Но Плещеев, сам толком не зная почему, верил в талант Станюковича[60], испытывал к нему и большую личную симпатию. Когда в 1885 году Станюкович был обвинен в связях с русскими революционерами-эмигрантами и приговорен к ссылке в Томскую губернию, то Алексей Николаевич, рискуя репутацией «благонадежного», полученной, к слову сказать, не так уж и давно, пришел проводить Константина Николаевича в дальнюю дорогу.
Еще в бытность секретарем «Отечественных записок» Плещеев внимательно читал произведения неизвестного очеркиста с Урала, публикующего свои произведения в журналах «Дело», «Устои», «Вестник Европы» и подписывающего их либо Д. Мамин, либо Д. Сибиряк. Особенно понравился Плещееву роман «Приваловские миллионы», опубликованный в 10 номерах журнала «Дело» в 1883 году. Понравился масштабностью, прекрасным знанием жизни уральского края, его заводского быта. А вскоре Д. Сибиряк прислал большой очерк «Золотуха» и в «Отечественные записки», который Салтыков принял весьма доброжелательно. Затем Д. Н. Мамин-Сибиряк опубликовал в «Отечественных записках» очерк «Бойцы» и роман «Горное гнездо», и Алексей Николаевич с удовлетворением видел, как растет мастерство уральского прозаика, как мужает дарование этого «провинциального бытописателя». Однако Мамин-Сибиряк жил где-то в Екатеринбурге, отношения поддерживал в основном только с Салтыковым, а Алексей Николаевич был, в сущности, только читателем незнакомого уральца, которому, по словам Михаила Евграфовича, немногим больше тридцати лет — возраст не совсем, конечно, юношеский, однако сравнительно молодой, вселяющий надежду на дальнейший рост, будущее развитие…

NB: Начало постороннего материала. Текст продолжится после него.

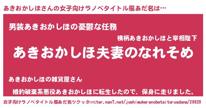 | 男性向けラノベタイトル風あだ名 | 『おまえをオタクにしてやるから、俺をあきおかしほにしてくれ! 』 |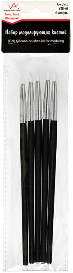 Набор из 5 силиконовых кистей разной формы (круглые, заостреные). Идеально подходят для лепки и моделирования дизайнов.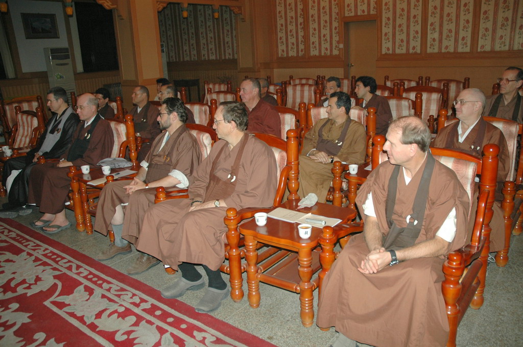 19日晚,参访团一行在指月楼与明海大和尚进行了两个多小时英文座谈。
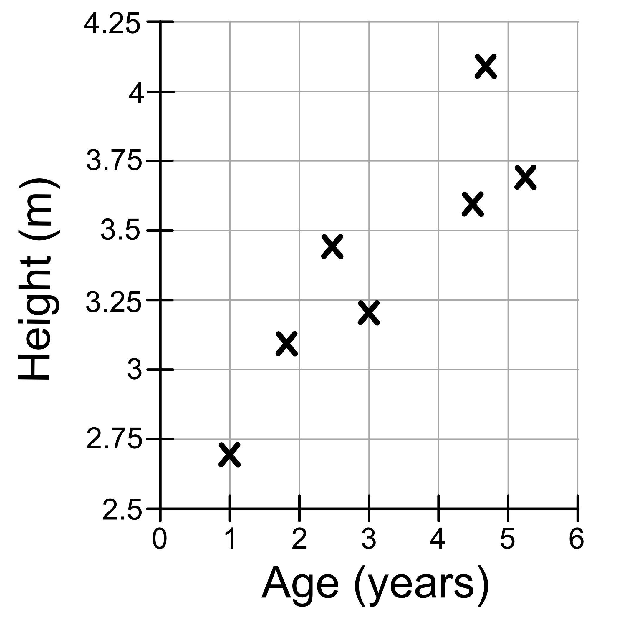 The two giraffes that are most similar in age are 2.4 and 3.0 years old. They have heights 3.2 and 3.4. The average of these values is 3.3, so we predict our giraffe is 3.3m tall.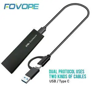 Dual Protocol M.2 SSD Enclosure - USB Type C 3.1 SATA NVME Adapter for PCIE NGFF M2 SSD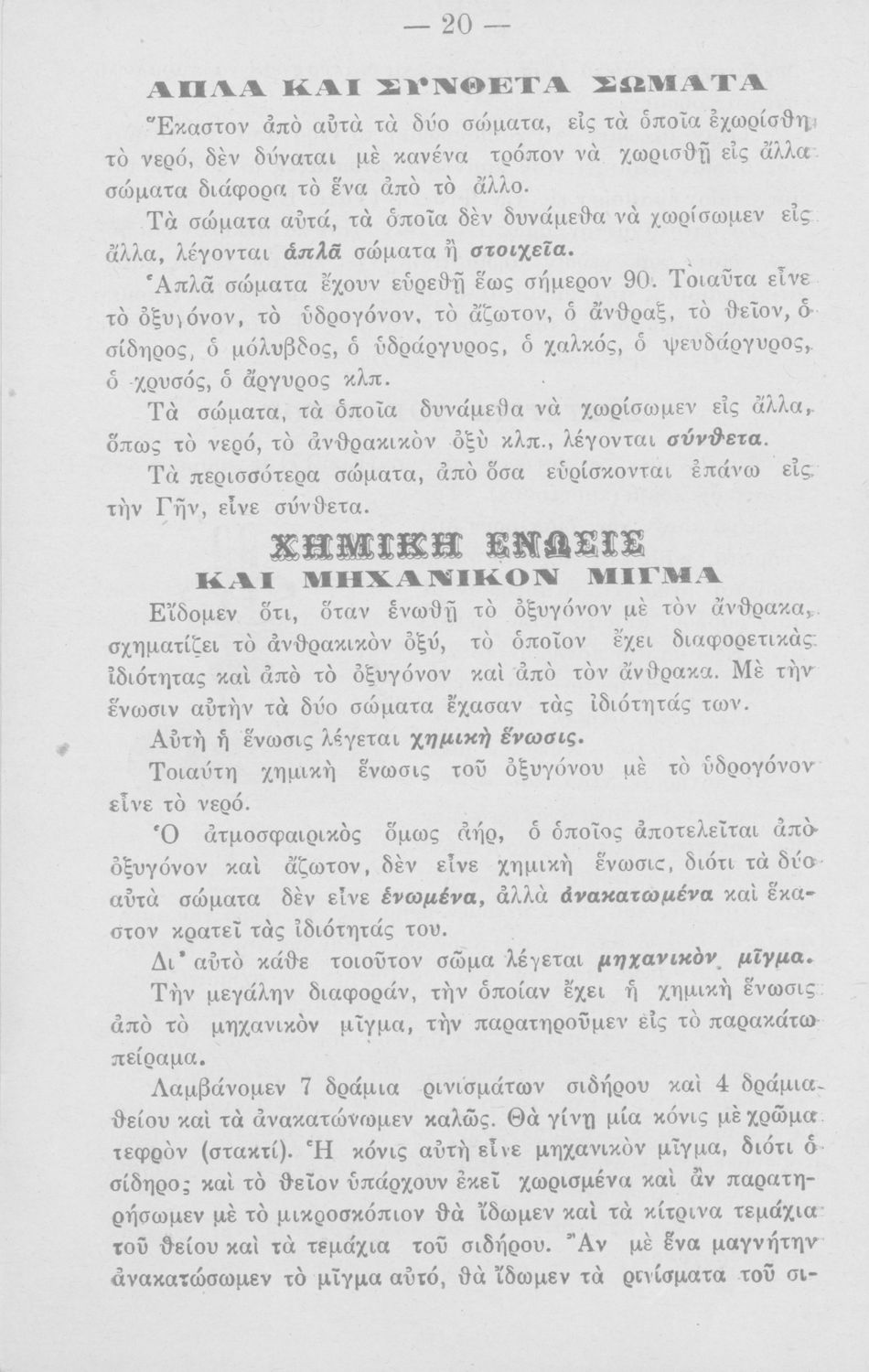Χημεία για τη Ε΄ τάξιν του Δημοτικού Σχολείου και για το Β΄ έτος Συνδιδασκαλίας

А к молодежи (и не только литературной) Алексей Николаевич поистине «питал слабость», связывал с молодым поколением все надежды на будущее Родины, верил в ее силы, несмотря на жестокость правительственных репрессий, непрекращающиеся аресты, судебные процессы, верил, что она, молодежь, не уронит «знамя правды вечной и святой», та самая молодежь, от представителей которой получил Алексей Николаевич так много приветствий в дни, когда праздновался 40-летний юбилей его литературной деятельности.
Чествование 40-летней литературной деятельности Алексея Николаевича в Петербурге и в Москве состоялось несколько позже 60-летия поэта — последнюю дату Плещеев отметил, как всегда, очень скромно, в узком семейном и дружеском кругу, о чем сообщал, между прочим, чуть с грустинкой и чуть иронически в письме С. Я. Надсону от 23 ноября 1885 года: «Вы, конечно, не подозреваете, что вчера, в день моего рожденья (мне исполнилось 60 лет, невеселый возраст!), Вы вместе с некоторыми юными поэтами преподнесли мне адрес с выражением сочувствия за то, что я на старости лет не исподлился. Инициатива шла от милейшего Всеволода Михайловича Гаршина, который не только сочинил и собственноручно написал этот задушевный и очень тронувший меня адрес, но и подписался за Вас…»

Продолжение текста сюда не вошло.